October 18, 1995. Rehearing Denied November 15, 1995.
Appeal from the Circuit Court, Dade County, Robbie M. Barr, J.
Neil M. Nameroff, Miami, for appellant.
Robert A. Butterworth, Attorney General, and Douglas J. Glaid, Assistant Attorney General, for appellee.
Before HUBBART, GODERICH and GREEN, JJ.
Rolando Chao appeals his conviction for manslaughter with a firearm after a trial by jury. Of the two claimed points of error raised on this appeal, we deem only one to merit discussion and reversal for a new trial.
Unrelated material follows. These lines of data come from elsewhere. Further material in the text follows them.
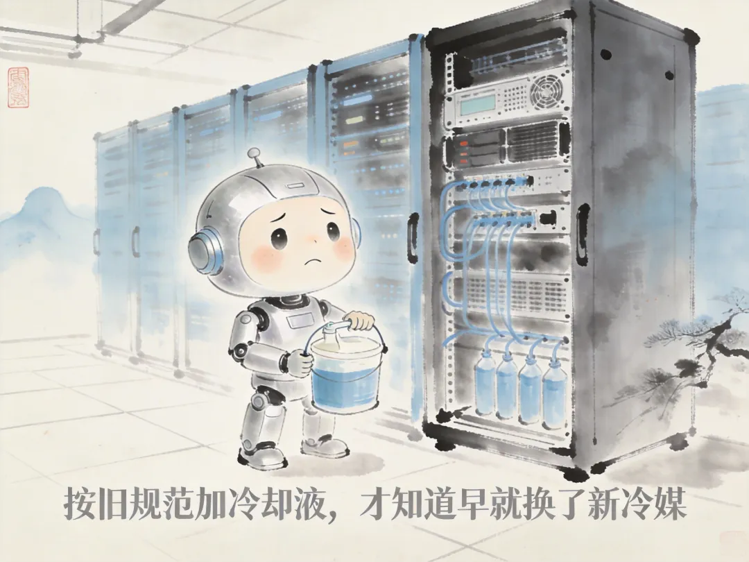❧ 按三年前的液冷补液规范加冷却液,加完才发现早就换了新的环保冷媒型号,白干一下午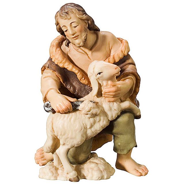 Diese kunstvoll gestaltete Holzfigur zeigt einen Schafscherer in sitzender Haltung, der mit geübter Hand eine Schere hält. Mit einer Hand hält er behutsam ein Schaf fest – ein detailreiches Motiv aus der königlichen Krippe. Das liebevoll gefertigte Krippenfigur verbindet traditionelle Handwerkskunst mit warmem Charme und bereichert jede Weihnachtskrippe auf stilvolle Weise.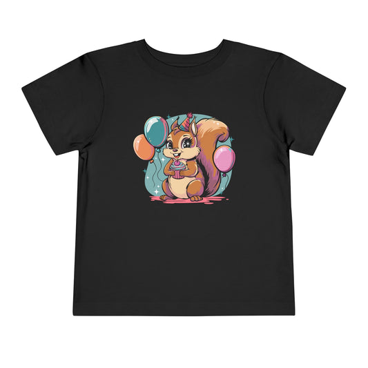 Happy Birthday Party Squirrel Toddler T-shirt Squirrels Balloons Cupcake Short Sleeve Tee Celebration B-day Toddlers Bday Outfit

Chao contends that the trial court erred by refusing to permit him to introduce his audiotaped statement made to police shortly after his arrest. Initially the trial court had excluded the statement as substantive evidence because it was deemed to be self-serving hearsay. The state, however, subsequently proceeded to allude to and read from a portion of the statement during its cross examination of Chao. Thereafter, Chao requested that the audiotaped statement be played in its entirety to the jury for the sake of completeness. The trial court refused to have the statement in its entirety played. Rather, the trial court gave Chao the option of having the prosecutor read any other portions of the statement Chao deemed appropriate to "make it fair." Chao argues this was reversible error, citing section 90.108, Florida Statutes (1993) and Long v. State, 610 So.2d 1276, 1280 (Fla. 1992). We agree.
Long is clear that under section 90.108, a party, in the interest of fairness, has the option to introduce all or part of a recorded statement if the opposing party "opens the door" by referring to portions of it during its case. Id.; see also Guerrero v. State, 532 So.2d 75, 77 (Fla. 3d DCA 1988); Burch v. State, 360 So.2d 462, 464 (Fla. 3d DCA 1978). We cannot conclude that the trial court's ruling on this point was harmless error, as the theory of Chao's case was self-defense; this tape could arguably serve to rebut the prosecutor's charge of recent fabrication on the part of Chao.
Reversed and remanded for new trial.